--- Activity ---
Each record below is to be retyped exactly, with its pictures omitted.
* * * * *
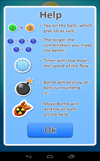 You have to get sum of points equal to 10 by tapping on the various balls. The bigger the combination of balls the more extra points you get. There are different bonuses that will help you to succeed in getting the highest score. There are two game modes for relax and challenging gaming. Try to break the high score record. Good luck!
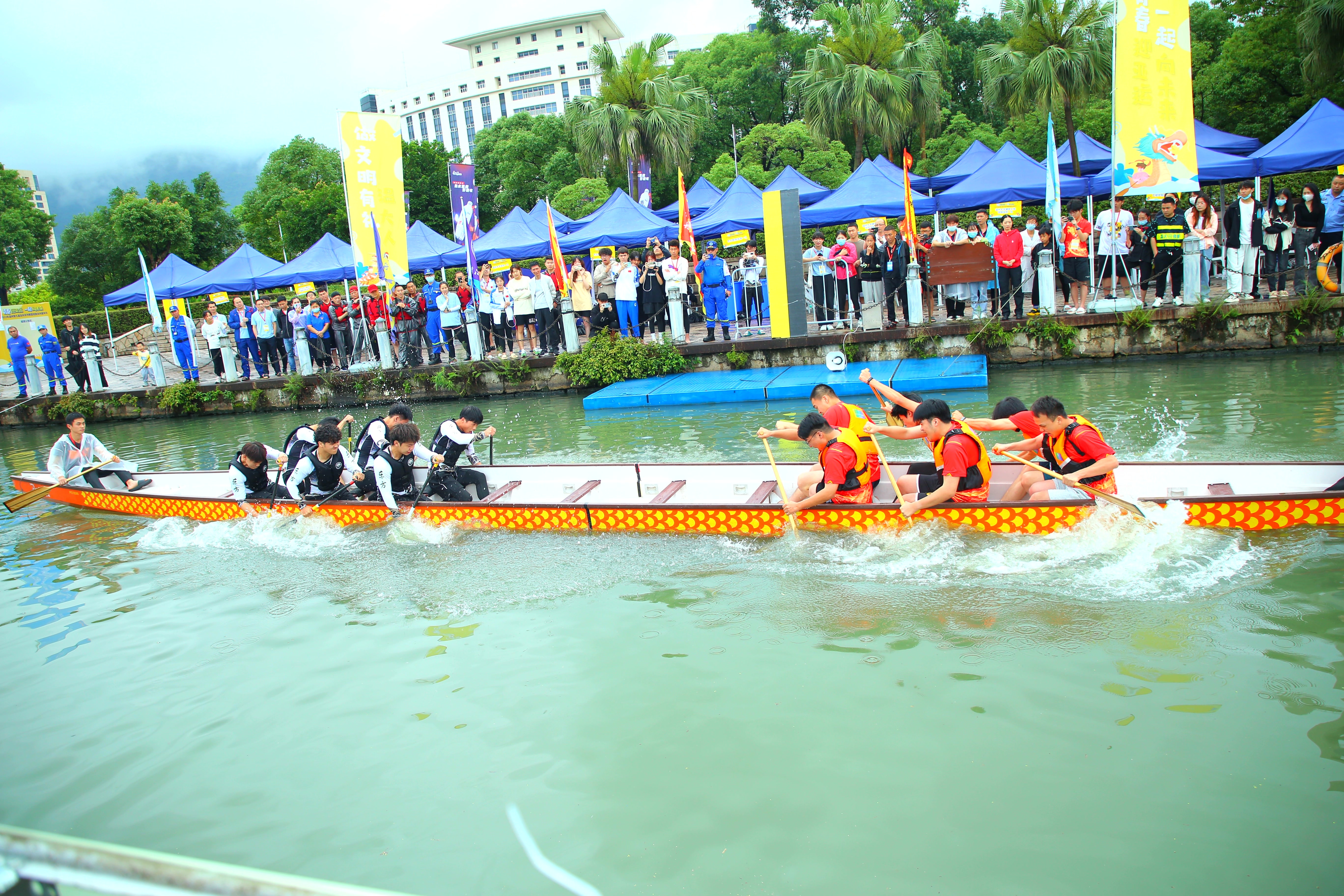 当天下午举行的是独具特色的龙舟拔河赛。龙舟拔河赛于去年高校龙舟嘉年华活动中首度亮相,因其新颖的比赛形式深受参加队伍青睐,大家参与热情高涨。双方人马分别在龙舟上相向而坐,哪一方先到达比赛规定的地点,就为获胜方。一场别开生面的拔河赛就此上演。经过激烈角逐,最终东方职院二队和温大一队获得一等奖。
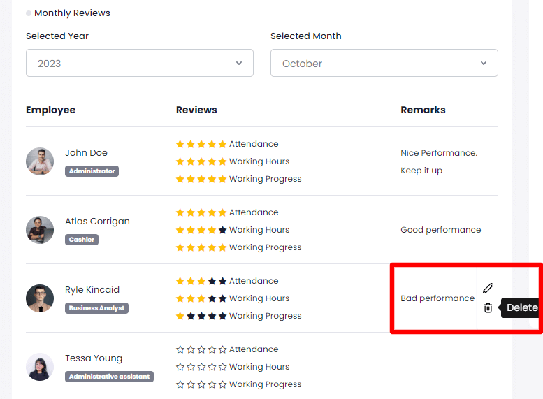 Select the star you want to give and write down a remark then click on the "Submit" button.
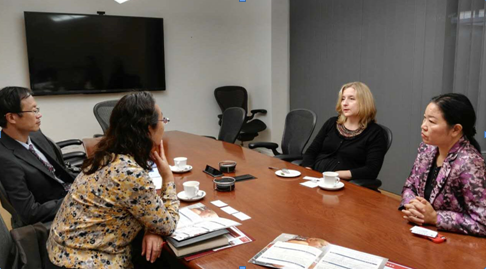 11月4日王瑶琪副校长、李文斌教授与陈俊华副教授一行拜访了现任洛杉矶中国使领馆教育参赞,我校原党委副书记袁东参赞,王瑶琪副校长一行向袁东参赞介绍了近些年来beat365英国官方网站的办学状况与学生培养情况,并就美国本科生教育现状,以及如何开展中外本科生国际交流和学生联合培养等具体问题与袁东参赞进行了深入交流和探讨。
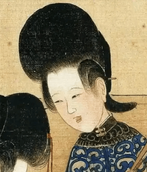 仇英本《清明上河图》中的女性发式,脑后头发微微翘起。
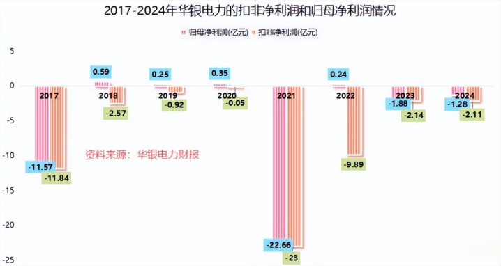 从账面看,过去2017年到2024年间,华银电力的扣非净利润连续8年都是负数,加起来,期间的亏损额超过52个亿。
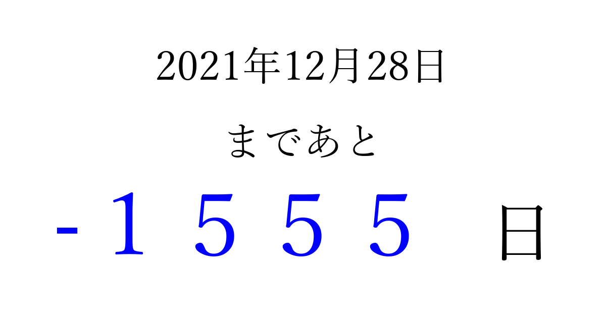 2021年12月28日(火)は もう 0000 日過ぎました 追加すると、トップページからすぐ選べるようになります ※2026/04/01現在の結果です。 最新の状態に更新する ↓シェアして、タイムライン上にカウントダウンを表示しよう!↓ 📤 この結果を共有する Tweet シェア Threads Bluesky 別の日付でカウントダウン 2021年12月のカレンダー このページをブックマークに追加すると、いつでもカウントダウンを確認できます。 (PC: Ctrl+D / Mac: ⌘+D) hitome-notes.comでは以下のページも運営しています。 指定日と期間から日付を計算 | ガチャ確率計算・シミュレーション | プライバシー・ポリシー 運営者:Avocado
* * * * *
--- Solution to this exercise ---
 You have to get sum of points equal to 10 by tapping on the various balls. The bigger the combination of balls the more extra points you get. There are different bonuses that will help you to succeed in getting the highest score. There are two game modes for relax and challenging gaming. Try to break the high score record. Good luck!
 当天下午举行的是独具特色的龙舟拔河赛。龙舟拔河赛于去年高校龙舟嘉年华活动中首度亮相,因其新颖的比赛形式深受参加队伍青睐,大家参与热情高涨。双方人马分别在龙舟上相向而坐,哪一方先到达比赛规定的地点,就为获胜方。一场别开生面的拔河赛就此上演。经过激烈角逐,最终东方职院二队和温大一队获得一等奖。
 Select the star you want to give and write down a remark then click on the "Submit" button.
 11月4日王瑶琪副校长、李文斌教授与陈俊华副教授一行拜访了现任洛杉矶中国使领馆教育参赞,我校原党委副书记袁东参赞,王瑶琪副校长一行向袁东参赞介绍了近些年来beat365英国官方网站的办学状况与学生培养情况,并就美国本科生教育现状,以及如何开展中外本科生国际交流和学生联合培养等具体问题与袁东参赞进行了深入交流和探讨。
 仇英本《清明上河图》中的女性发式,脑后头发微微翘起。
 从账面看,过去2017年到2024年间,华银电力的扣非净利润连续8年都是负数,加起来,期间的亏损额超过52个亿。
 2021年12月28日(火)は もう 0000 日過ぎました 追加すると、トップページからすぐ選べるようになります ※2026/04/01現在の結果です。 最新の状態に更新する ↓シェアして、タイムライン上にカウントダウンを表示しよう!↓ 📤 この結果を共有する Tweet シェア Threads Bluesky 別の日付でカウントダウン 2021年12月のカレンダー このページをブックマークに追加すると、いつでもカウントダウンを確認できます。 (PC: Ctrl+D / Mac: ⌘+D) hitome-notes.comでは以下のページも運営しています。 指定日と期間から日付を計算 | ガチャ確率計算・シミュレーション | プライバシー・ポリシー 運営者:Avocado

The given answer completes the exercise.